If arr is defined inside a function without the static keyword, it has automatic storage duration; in most implementations, this means it's allocated on the "stack". Otherwise, it has static storage duration (it exists for the entire execution of the program, and it's allocated in whatever manner the implementation uses (perhaps a BSS segment or something similar). It will not be allocated in the same manner as by a call to malloc() (on the "heap").

Constant expressions are defined in section 6.6 of the current C standard (see the N1570 draft).

A constant expression may not contain assignment, decrement, increment, function-call, or comma operators, unless they're in a subexpression that's not evaluated. An integer constant expression may only have operands that are integer constants, enumeration constants, character constants, sizeof expressions whose results are integer constants, and a handful of other things.

Answer 2

arr is an array whose size is determined at compile time. In C terminology, it's an array that isn't a variable length array. That's because its size is a constant. The variable can be annotated as static or put at file scope, and that makes it a global variable, with a size that can be reserved statically (typically included in the BSS, if the C implementation has a BSS).

Any expression that is understood by the preprocessor is a constant. For example, you can have a preprocessor directive

#if MACRO1 + MACRO2 > 4
…

The preprocessor (which is part of the C compiler) performs the computation (looking up the values of MACRO1 and MACRO2, performing the addition and the comparison) in an early stage of the compilation.
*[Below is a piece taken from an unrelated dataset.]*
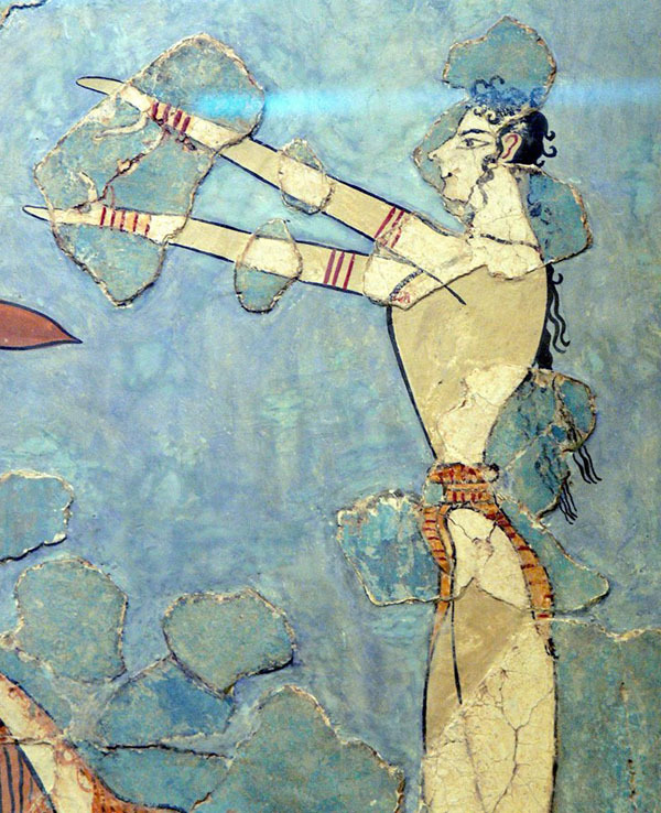 Эта тенденция тем более показательна, что женщины явно не хотели уступать пальму первенства представителям «сильного пола» даже и в этих своеобразных корридах, несомненно, требовавших от их участников огромной физической выносливости, силы, ловкости и отваги. На известной «фреске тореадора» из Кносского дворца, кроме мужчины-акробата, совершающего рискованный прыжок через быка, мы видим также двух девушек, одетых по мужской моде в короткие передники с туго стянутыми на талии поясами и легкие полусапожки.

There are also constants that the preprocessor cannot calculate, mostly resulting from sizeof: the result of sizeof is a compile-time constant unless the calculation involves the size of a variable length array. So while you cannot write #if sizeof(some_type) > 4, you can write things like

static unsigned char b[sizeof(x) * 2];
static c = sizeof(x) | 4;

The size of the array b and the value used to initialize c are both compile-time constants.

Basically, any expression that doesn't involve the value of a variable or a pointer dereference is a compile-time constant (“constant expression” in the terminology used by the C standard).

On the other hand, the value of a variable (as opposed to a macro) is not a compile-time constant, so it cannot be used where a compile-time constant is required¹.

const x = 3; /* OK */
static c = x; /* not ok in C */

¹ _{C++ works differently here. My answer is about C.}

Answer 3

when u do

#define MACRO1 5U
#define MACRO2 6U
int arr[MACRO1+MACRO2];

the c compiler just sees

int arr[11];

which is probably not 'dynamic' - I quote dynamic because you dont define what 'dynamic' means for you.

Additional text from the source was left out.